世界コンテナ運賃指数 23年1月~24年10月に乱高下

世界の主要な業界、市場調査や消費者動向に関するデータや統計を提供する世界最大級のデータプラットフォーム、Statista(独)がまとめた2023年 1月12日から2024年10月10日までの世界の月次コンテナ運賃指数は劇的に変動した。23年10月26日に1,342ドル/FEUと最低レベルまで下落したあと大幅に上昇し、24年7月28日には 5,917ドル/FEUと約4.4倍の5,900ドルを超え、過去最高値に達したが、 その後再び下落し10月10日の時点で、3,349ドル/FEUへ43.4%落ち込んだ。
 Statistaによると、グローバルサプライチェーンは、多数のリンクから構成される脆弱なシステムで、1つが中断されると、システム全体の機能な連鎖的な影響が及ぶ可能性があり、新型コロナのパンデミック(世界的大流行)は、業界全体とサプライチェーンを停止させるか、効率を大幅に低下させるほどの大規模な出来事だった。
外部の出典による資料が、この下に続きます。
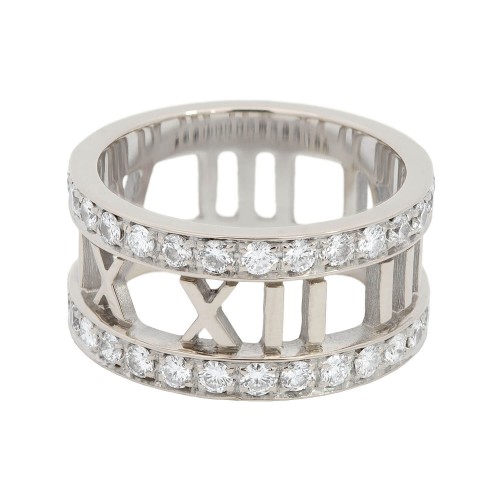 TIFFANY & CO. Estate 18k White Gold Diamond Open Atlas Ring

コンテナ輸送はその複雑さと大陸横断的な性質により、パンデミックによって特に大きな打撃を受け、海運業界は港の閉鎖や混雑、労働力不足、生産能力の活用の困難、さらには新しいコンテナ不足に苦戦しなければならなかったが、ここ数カ月、イスラエルと多数のイスラム諸国との間の中東紛争の影響が同地域の石油輸出に重大な影響を及ぼし、回復が切望されている産業をさらに悪化させていると指摘する。
 一方でコンテナ船の運営コストは増加しているが、運賃の高騰は単に経費の増加をカバーするだけではなく、船社はパンデミックが始まって以来、過去最高の営業利益率をあげた。しかし、このような高い利益率にもかかわらず、運賃値上げにはある程度の影響を及ぼし、23年第2四半期(4~9月)の主要コンテナ船社の平均営業利益率は 8.9%と、22年第1四半期(1~3月)のピーク時のEBIT(営業利益)と比較してほぼ50%減少した。この減少にもかかわらず、一部船社は新造コンテナを購入し、新造コンテナ船を発注することで、以前の利益を利用して輸送能力を増加させているが、これらの新たに発注したコンテナ船の引き渡しはまだ数年かかる見通しとしている。